We're repairing our fraternity house (very old) and I'm stuck with problems in my room. The problem is with the bedroom door. It won't hang on the frame. After a few minutes, we all realized that the side plank of the frame is so damaged (assuming from someone else screwing in and out the door repeatedly) that the hinges will not stay put.

Is there any inexpensive way for me to take care of this? Is there any way I can replace that side so I can hang my door again?

Thanks.

I'm Jay, by the way.
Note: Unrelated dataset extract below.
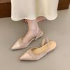 Сращивание мелкого горла французские заостренные туфли с одной педалью женские модные универсальные сандалии 2025 года с низким каблуком сзади с воздушными сандалиями для поездок на работу

I'll be on HR a lot since we have a lot of things to repair.


----------



## Square Eye (Jul 27, 2007)

Have you tried using longer screws?
It may take a 3" screw to reach the wall framing, but it would be a good quick fix.


----------



## Tru_blue (Aug 6, 2007)

I'd also use longer screws as my first choice.  By using 3" screws as previously mentioned, the screws would anchor into the studs behind the door frame.  

It's interesting - usually it's the doorknob side of the door frame that is damaged, not the hinge side.

Another possibility is to relocate the hinges higher or lower in an undamaged area.  If two hinges were used, you could also go to three hinges.  Good luck.


----------



## billbeee (Aug 9, 2007)

Jay,
If you have not already fixed your problem with longer screws.

I fixed one a short while ago using small plastic wall plugs in the old screw holes.  I used the white ones in the photo, and didn't even have to drill the old holes wider.


Cheers
Bill


----------



## GBjay (Aug 12, 2007)

Thanks, guys...

I went to homedepot, got 2 inch nails.... it passed the frame and held pretty well (it's holding a door from 1920, REALLY HEAVY). then i got 10-15 smaller nails to nail the door together (it was breaking apart due to wear i guess). Either way, after I paint it tomorrow, i would imagine the door would like spanking new and clean....

Just feels good to have a nice cool room with a door now haha.

thanks.


----------